[Available data]
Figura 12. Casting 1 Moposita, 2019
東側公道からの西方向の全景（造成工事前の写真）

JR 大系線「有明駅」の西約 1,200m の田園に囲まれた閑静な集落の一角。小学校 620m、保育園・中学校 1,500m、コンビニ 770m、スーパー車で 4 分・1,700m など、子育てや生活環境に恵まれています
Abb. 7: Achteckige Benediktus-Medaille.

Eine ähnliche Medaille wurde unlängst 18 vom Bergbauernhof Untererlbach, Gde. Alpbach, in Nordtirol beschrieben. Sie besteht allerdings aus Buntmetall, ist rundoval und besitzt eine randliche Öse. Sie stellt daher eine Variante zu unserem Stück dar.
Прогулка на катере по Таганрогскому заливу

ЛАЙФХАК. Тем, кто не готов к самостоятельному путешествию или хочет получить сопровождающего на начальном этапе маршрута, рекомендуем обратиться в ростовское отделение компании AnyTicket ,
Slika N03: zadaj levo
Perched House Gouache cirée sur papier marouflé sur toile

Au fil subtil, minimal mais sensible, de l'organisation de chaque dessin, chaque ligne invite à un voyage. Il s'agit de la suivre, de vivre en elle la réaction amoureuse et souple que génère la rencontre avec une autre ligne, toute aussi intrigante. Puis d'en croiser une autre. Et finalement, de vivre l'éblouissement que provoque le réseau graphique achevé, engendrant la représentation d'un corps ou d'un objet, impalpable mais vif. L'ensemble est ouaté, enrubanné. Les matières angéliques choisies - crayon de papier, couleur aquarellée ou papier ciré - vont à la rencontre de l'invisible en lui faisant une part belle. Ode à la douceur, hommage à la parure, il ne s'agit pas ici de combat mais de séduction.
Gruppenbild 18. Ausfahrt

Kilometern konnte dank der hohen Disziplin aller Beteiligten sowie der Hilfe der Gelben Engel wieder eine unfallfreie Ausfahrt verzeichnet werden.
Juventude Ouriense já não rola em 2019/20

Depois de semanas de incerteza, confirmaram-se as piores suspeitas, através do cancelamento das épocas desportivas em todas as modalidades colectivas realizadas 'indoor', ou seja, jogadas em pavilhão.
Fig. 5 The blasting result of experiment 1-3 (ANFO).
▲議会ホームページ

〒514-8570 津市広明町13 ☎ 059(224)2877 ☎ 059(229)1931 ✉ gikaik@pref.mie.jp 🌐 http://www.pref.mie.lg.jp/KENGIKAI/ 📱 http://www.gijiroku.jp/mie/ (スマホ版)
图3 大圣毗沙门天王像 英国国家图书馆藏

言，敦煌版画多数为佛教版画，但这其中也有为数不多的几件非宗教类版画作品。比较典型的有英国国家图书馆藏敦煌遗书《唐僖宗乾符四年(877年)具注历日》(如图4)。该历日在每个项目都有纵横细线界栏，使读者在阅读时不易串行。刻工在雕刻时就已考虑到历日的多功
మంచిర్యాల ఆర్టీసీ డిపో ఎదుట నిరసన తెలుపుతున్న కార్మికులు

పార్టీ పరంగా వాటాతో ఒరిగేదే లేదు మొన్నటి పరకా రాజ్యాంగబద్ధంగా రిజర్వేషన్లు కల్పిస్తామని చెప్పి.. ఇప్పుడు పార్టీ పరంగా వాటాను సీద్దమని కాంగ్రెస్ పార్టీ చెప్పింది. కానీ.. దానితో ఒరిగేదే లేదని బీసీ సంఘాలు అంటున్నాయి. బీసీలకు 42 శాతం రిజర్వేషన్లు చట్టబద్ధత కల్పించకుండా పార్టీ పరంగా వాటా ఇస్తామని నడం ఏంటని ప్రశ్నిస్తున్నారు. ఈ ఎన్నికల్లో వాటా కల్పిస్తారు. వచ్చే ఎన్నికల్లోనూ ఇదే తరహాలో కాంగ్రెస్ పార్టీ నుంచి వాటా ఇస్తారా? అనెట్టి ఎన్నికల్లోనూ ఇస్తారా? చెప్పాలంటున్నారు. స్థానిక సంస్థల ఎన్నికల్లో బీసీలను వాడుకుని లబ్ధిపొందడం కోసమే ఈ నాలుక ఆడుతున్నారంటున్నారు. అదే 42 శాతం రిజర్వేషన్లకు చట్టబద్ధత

[What the task requires] There is a line with "津市広明町13 ☎ 059(224)2877" and a line with "మంచిర్యాల ఆర్టీసీ డిపో" above. Copy exactly those two lines and all lines between them, with nothing else.

[Answer box]
〒514-8570 津市広明町13 ☎ 059(224)2877 ☎ 059(229)1931 ✉ gikaik@pref.mie.jp 🌐 http://www.pref.mie.lg.jp/KENGIKAI/ 📱 http://www.gijiroku.jp/mie/ (スマホ版)
图3 大圣毗沙门天王像 英国国家图书馆藏

言，敦煌版画多数为佛教版画，但这其中也有为数不多的几件非宗教类版画作品。比较典型的有英国国家图书馆藏敦煌遗书《唐僖宗乾符四年(877年)具注历日》(如图4)。该历日在每个项目都有纵横细线界栏，使读者在阅读时不易串行。刻工在雕刻时就已考虑到历日的多功
మంచిర్యాల ఆర్టీసీ డిపో ఎదుట నిరసన తెలుపుతున్న కార్మికులు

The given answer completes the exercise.